Windows XP SP2 Workstation DCOM Settings
After Windows XP SP2, the world "upgrade" sound, especially SP2 "does not stop non-genuine upgrade" strategy, for many people in our country, even with a fatal temptation. Based on its promotional "security center", I have implemented upgrades in two computers in the near future. Just when the upgrade is not completely disappeared, the trouble is coming.

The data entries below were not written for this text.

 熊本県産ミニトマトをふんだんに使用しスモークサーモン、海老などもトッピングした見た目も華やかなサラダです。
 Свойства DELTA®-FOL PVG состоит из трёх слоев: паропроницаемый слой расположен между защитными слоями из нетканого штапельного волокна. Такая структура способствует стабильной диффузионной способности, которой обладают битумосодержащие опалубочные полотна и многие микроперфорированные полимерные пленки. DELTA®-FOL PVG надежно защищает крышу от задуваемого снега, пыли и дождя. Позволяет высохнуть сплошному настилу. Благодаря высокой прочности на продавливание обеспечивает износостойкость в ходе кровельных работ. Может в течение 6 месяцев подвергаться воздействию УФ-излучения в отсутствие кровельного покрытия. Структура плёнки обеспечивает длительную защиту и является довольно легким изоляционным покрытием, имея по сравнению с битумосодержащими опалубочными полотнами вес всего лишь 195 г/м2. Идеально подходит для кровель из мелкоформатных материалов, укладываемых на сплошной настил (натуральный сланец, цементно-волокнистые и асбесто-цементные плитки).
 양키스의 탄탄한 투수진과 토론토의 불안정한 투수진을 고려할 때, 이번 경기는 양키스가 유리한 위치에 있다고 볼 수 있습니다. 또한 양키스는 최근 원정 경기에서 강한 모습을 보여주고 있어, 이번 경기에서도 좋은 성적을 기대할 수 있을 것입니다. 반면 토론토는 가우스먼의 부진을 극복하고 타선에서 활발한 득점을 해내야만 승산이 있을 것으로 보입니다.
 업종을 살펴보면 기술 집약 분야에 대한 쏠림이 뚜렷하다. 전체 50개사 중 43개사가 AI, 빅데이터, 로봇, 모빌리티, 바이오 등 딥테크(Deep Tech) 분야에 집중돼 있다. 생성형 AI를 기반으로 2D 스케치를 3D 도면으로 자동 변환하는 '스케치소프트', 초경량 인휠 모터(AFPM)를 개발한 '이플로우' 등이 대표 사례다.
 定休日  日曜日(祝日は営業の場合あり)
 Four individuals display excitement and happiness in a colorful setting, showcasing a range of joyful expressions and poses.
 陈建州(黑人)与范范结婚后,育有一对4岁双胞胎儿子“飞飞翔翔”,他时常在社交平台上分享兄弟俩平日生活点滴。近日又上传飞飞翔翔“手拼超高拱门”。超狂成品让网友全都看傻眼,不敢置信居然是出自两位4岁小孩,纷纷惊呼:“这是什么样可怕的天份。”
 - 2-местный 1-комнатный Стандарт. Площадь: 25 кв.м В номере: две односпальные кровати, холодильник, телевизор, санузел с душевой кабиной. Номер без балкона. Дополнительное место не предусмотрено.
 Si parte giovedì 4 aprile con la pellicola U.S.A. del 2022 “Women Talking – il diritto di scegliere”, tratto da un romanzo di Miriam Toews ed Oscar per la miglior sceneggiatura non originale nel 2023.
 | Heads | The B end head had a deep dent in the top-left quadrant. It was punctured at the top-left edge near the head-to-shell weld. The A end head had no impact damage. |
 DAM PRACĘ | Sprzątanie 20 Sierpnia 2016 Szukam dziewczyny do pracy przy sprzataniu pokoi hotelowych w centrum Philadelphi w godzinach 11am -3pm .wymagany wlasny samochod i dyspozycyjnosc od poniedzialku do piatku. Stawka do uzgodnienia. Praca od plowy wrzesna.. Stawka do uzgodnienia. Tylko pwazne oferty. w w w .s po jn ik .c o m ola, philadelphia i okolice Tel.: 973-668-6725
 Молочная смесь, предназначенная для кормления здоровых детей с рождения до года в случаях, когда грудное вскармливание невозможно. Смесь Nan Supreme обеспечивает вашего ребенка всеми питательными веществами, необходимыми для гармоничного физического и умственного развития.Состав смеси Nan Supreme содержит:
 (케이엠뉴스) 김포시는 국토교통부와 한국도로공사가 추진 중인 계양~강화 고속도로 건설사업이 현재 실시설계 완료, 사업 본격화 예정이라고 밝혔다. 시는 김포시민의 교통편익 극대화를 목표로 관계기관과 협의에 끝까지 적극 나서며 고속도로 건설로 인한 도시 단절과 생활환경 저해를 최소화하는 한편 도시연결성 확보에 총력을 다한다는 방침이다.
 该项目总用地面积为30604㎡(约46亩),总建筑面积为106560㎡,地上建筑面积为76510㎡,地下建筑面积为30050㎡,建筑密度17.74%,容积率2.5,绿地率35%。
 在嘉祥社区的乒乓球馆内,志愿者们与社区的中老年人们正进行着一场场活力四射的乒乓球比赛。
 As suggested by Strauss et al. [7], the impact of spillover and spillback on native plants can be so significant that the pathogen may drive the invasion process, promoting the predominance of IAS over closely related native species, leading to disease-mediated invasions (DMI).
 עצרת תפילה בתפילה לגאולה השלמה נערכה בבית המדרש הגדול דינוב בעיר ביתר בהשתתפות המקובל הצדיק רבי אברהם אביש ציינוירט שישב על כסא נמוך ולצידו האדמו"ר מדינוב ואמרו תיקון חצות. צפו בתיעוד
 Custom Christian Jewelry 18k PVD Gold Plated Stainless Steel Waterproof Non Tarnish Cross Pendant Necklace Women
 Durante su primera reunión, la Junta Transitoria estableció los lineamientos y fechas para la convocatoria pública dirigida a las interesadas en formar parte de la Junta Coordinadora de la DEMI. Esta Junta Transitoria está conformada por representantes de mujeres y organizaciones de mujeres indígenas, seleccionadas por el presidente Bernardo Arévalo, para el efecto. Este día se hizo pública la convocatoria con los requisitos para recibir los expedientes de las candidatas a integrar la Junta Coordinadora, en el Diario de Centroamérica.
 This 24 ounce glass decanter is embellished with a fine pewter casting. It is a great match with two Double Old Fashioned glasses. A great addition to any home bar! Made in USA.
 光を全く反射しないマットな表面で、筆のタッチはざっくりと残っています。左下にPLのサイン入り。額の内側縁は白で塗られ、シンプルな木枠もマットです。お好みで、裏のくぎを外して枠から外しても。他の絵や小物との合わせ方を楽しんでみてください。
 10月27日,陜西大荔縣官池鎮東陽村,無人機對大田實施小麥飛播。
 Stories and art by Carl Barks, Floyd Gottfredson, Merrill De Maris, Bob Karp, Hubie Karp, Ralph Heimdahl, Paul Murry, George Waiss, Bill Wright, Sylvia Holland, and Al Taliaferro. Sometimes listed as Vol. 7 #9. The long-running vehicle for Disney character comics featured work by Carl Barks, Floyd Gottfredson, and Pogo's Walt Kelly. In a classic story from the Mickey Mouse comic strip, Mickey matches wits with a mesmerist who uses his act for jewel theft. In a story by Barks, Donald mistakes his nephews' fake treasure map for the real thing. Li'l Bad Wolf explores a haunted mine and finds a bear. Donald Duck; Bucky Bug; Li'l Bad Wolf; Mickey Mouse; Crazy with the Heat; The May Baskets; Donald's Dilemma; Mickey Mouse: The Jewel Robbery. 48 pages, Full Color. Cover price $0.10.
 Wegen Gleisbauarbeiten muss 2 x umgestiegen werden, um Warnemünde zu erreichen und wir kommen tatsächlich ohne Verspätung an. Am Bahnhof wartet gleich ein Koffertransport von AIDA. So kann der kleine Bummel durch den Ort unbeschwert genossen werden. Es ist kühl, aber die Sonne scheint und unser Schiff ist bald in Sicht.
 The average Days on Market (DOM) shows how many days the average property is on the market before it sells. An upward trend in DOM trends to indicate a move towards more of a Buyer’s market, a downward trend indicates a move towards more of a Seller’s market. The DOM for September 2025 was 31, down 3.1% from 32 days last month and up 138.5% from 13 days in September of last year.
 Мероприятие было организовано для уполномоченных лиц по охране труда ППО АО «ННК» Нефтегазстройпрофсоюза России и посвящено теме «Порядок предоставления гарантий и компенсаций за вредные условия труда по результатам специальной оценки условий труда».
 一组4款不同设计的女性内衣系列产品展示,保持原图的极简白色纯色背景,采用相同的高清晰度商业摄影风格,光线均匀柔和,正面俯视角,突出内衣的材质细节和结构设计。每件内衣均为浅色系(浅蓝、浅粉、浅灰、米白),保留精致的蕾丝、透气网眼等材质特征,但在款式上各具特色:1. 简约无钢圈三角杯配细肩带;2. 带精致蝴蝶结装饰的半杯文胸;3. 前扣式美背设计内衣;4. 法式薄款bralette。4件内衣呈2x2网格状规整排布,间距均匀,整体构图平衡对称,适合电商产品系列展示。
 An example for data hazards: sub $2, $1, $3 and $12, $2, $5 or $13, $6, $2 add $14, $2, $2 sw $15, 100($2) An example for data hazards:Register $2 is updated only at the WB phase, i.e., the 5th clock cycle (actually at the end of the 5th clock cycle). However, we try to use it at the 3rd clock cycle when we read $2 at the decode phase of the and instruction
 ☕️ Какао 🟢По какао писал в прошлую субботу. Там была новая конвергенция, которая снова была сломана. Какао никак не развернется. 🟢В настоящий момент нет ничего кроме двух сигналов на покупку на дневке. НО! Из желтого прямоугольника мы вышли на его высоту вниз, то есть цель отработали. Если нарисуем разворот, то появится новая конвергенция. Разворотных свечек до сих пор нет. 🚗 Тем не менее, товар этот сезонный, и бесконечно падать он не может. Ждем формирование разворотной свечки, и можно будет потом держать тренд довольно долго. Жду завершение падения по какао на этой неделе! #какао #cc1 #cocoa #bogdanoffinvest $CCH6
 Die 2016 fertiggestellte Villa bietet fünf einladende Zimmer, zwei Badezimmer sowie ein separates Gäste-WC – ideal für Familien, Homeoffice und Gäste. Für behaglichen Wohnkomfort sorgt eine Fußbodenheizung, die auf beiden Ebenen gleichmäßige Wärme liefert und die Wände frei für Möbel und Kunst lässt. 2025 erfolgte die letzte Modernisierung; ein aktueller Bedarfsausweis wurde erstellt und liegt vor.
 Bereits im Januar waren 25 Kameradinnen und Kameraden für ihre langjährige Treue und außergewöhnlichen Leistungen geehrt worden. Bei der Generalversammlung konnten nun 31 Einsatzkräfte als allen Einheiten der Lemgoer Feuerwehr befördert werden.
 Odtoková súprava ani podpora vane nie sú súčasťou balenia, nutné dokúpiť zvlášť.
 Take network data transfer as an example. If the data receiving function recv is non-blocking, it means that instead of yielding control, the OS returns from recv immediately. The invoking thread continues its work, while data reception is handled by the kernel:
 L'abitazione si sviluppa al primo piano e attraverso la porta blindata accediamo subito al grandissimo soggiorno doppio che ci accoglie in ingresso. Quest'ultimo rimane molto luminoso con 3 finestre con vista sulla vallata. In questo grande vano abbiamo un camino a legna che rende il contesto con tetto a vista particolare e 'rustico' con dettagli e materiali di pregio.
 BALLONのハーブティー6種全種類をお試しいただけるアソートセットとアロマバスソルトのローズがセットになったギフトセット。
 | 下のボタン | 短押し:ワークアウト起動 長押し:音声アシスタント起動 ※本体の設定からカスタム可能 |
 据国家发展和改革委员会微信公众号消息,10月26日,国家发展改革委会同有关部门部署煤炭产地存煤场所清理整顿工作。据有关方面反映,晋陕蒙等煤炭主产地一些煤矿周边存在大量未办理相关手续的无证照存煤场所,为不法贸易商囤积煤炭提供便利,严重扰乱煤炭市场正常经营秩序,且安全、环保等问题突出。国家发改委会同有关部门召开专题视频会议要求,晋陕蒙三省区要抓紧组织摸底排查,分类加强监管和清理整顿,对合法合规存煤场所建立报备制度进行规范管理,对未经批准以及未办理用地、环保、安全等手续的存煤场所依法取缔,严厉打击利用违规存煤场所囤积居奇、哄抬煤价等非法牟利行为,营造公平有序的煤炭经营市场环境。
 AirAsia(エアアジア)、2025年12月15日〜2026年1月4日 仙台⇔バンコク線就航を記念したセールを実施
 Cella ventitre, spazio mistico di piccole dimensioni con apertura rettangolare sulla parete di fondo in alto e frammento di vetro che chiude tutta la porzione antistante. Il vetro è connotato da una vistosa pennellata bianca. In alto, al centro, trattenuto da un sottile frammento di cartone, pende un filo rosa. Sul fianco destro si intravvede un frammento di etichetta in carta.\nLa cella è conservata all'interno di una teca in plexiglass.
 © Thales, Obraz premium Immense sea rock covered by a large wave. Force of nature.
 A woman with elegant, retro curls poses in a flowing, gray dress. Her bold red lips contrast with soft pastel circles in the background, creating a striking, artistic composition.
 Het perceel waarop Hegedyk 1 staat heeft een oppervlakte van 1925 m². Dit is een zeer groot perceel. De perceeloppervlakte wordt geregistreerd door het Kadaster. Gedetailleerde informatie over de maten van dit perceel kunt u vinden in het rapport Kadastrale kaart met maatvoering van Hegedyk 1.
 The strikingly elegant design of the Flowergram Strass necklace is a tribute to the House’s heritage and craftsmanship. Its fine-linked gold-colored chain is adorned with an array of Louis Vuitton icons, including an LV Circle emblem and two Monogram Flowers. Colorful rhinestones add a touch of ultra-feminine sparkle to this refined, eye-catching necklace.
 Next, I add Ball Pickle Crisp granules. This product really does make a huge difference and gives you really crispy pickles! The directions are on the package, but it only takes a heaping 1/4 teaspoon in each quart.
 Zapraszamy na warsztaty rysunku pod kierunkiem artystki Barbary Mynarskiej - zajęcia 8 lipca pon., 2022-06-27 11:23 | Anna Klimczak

My previous DOCM remote query system is not moving. Whenever the client wants to access the server, DCOM security its classic "reject access" will appear in a big sound. God, in order to let it run, I even started to convert the platform from the DCOM to the COM environment, in COM , after a domain and role setting, the client can finally run. However, in an accidental server test, "Security Center" prompts me, is it to prevent "DLLHOST.EX" through the firewall? In an instant, I suddenly understood why my DCOM can't work properly: it is a firewall! Lenovo's SP2 document content in solving security issues, I started to re-set the DCOM service and client, and finally it can turn! Now, I have a setup process that I have passed the "Emotion" of myself:
First, set the minimum security attribute between Windows WorkStation:
Windows uses the DCOM exchange between the standalone workstation (not in the domain) to use the NTML security package for security checks. According to the security account setting mechanism for Windows, the SID of its account is different for different Windows workstations. Even if there is an account of the same name and password on both workstations, the two are still different. account. In order to achieve DCOM across workstations, many people have discussed Windows2000, XP, where I only use I have tested the way (although the security is not good).
Server terminal settings:
1), run DCMCNFG, set the default security attribute of the computer range on [Component Service] · [Computer] · [My Computer], on the [COM Security] page of [Properties], click "Edit Limit" will "access And permissions "," Startup and Active Permissions "in the lowest remote access to" Allow "(Figure 1.1, Figure 1.2).
Figure 1.1
Figure 1.2
2) Set the server's access, and join the Everyone to "Startup and Activate Permissions" and "Access", and set all the permissions as "allowed" (Figure 1.3, Figure 1.4): Figure 1.3
Figure 1.4
When the client will import the type of application of the application server into the local computer, you do not need to do other settings. If the client is also a server, it is also necessary to set it according to the above requirements.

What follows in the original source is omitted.